_ASSIGNMENT_: Reproduce the entries that follow exactly. No picture should appear in the result.

(Stored data)
=== Begin Enclosure ===

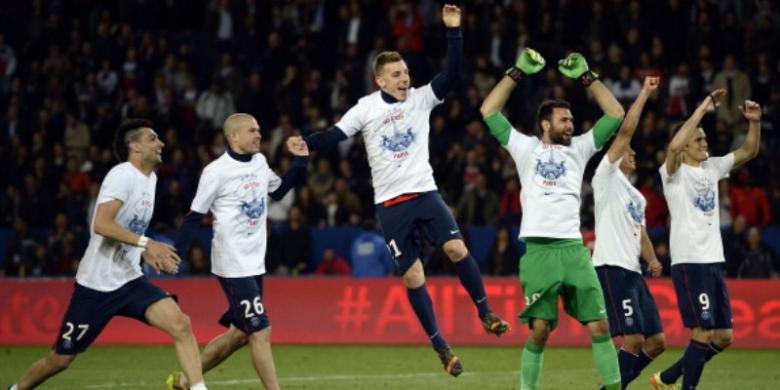 Paris Saint-Germain (PSG) menyerah 1-2 saat menjamu Rennes di Stadion Parc des Princes, Paris, Rabu (7/5/2014). Meski demikian, para pemain PSG tetap bergembira karena sebelum pertandingan itu mereka sudah tak mungkin dikejar siapa pun dalam perburuan gelar Ligue-1.
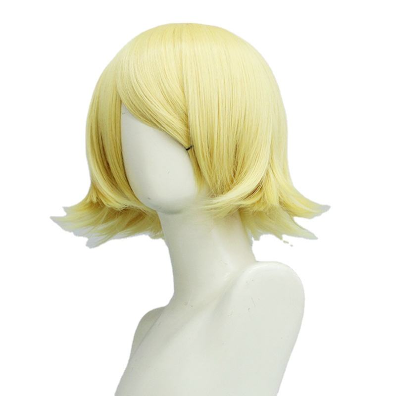 ขายส่งVocAloid Rin/Len Kagamineวิกผมคอสเพลย์ 14 นิ้วสั้นหยิกGolden Syntheticอะนิเมะคอสเพลย์เครื่องแต่งกายผมวิกผมสําหรับงานปาร์ตี้
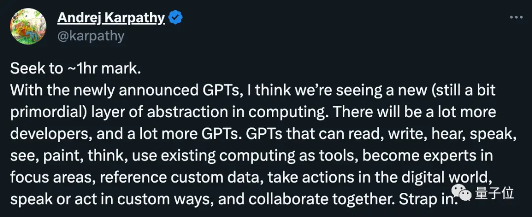 Habrá más desarrolladores y más GPT. GPT puede leer, escribir, escuchar, hablar, ver, dibujar, pensar, utilizar la informática existente como herramienta, convertirse en un experto en áreas clave, consultar datos personalizados, actuar en el mundo digital, hablar o actuar de forma personalizada y colaborar juntos. Abróchate el cinturón.
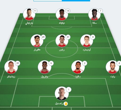 وجاء تشكيل أرسنال علي النحو التالي:
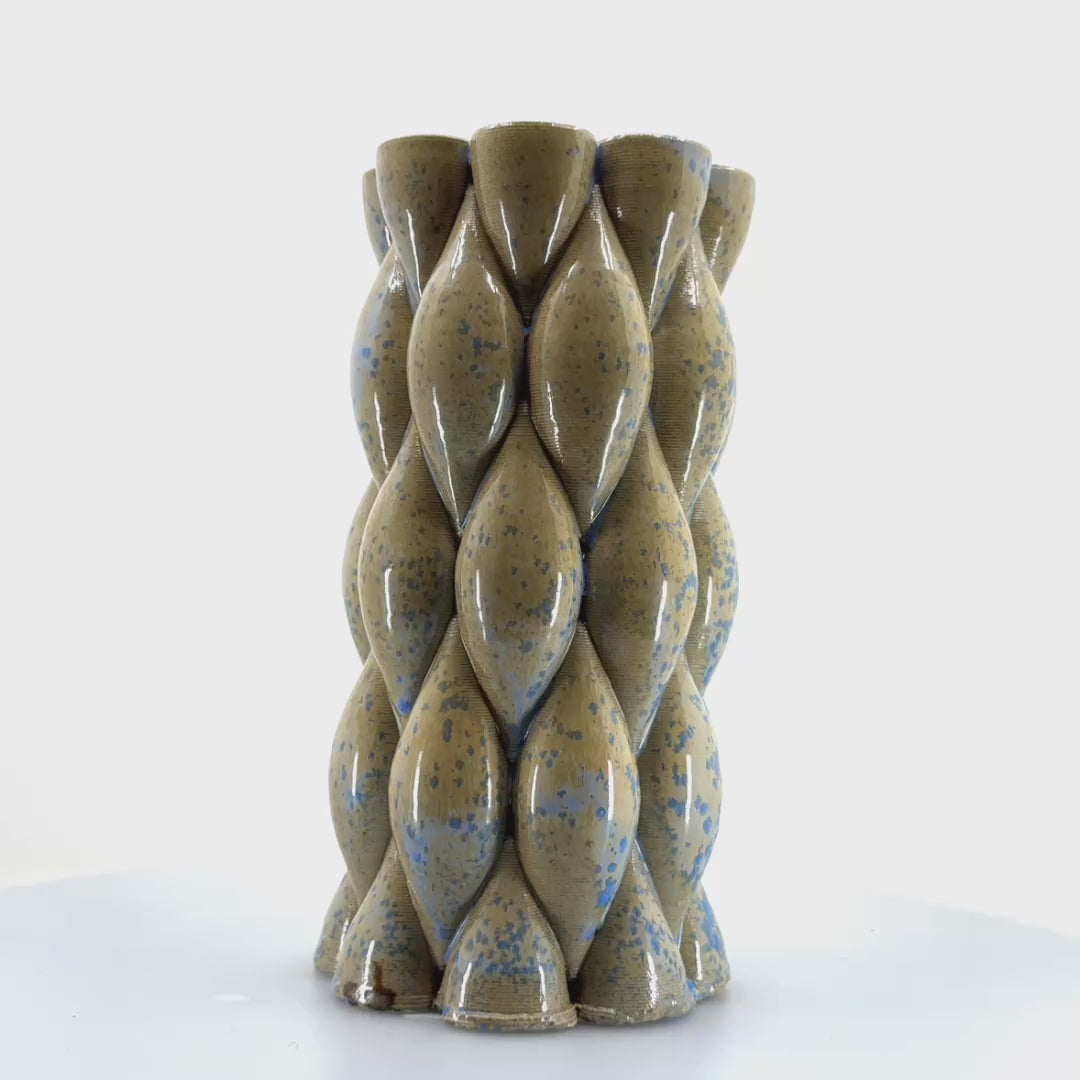 Realizată prin imprimare 3D din ceramică naturală și finisată manual, piesa îmbină precizia tehnologică cu sensibilitatea artizanală. Nuanțele sale calde de bej și gri sidefat reflectă lumina diferit în funcție de momentul zilei, aducând calm și profunzime oricărui spațiu.

=== End Enclosure ===

_WRITTEN REPLY_:
 Paris Saint-Germain (PSG) menyerah 1-2 saat menjamu Rennes di Stadion Parc des Princes, Paris, Rabu (7/5/2014). Meski demikian, para pemain PSG tetap bergembira karena sebelum pertandingan itu mereka sudah tak mungkin dikejar siapa pun dalam perburuan gelar Ligue-1.
 ขายส่งVocAloid Rin/Len Kagamineวิกผมคอสเพลย์ 14 นิ้วสั้นหยิกGolden Syntheticอะนิเมะคอสเพลย์เครื่องแต่งกายผมวิกผมสําหรับงานปาร์ตี้
 Habrá más desarrolladores y más GPT. GPT puede leer, escribir, escuchar, hablar, ver, dibujar, pensar, utilizar la informática existente como herramienta, convertirse en un experto en áreas clave, consultar datos personalizados, actuar en el mundo digital, hablar o actuar de forma personalizada y colaborar juntos. Abróchate el cinturón.
 وجاء تشكيل أرسنال علي النحو التالي:
 Realizată prin imprimare 3D din ceramică naturală și finisată manual, piesa îmbină precizia tehnologică cu sensibilitatea artizanală. Nuanțele sale calde de bej și gri sidefat reflectă lumina diferit în funcție de momentul zilei, aducând calm și profunzime oricărui spațiu.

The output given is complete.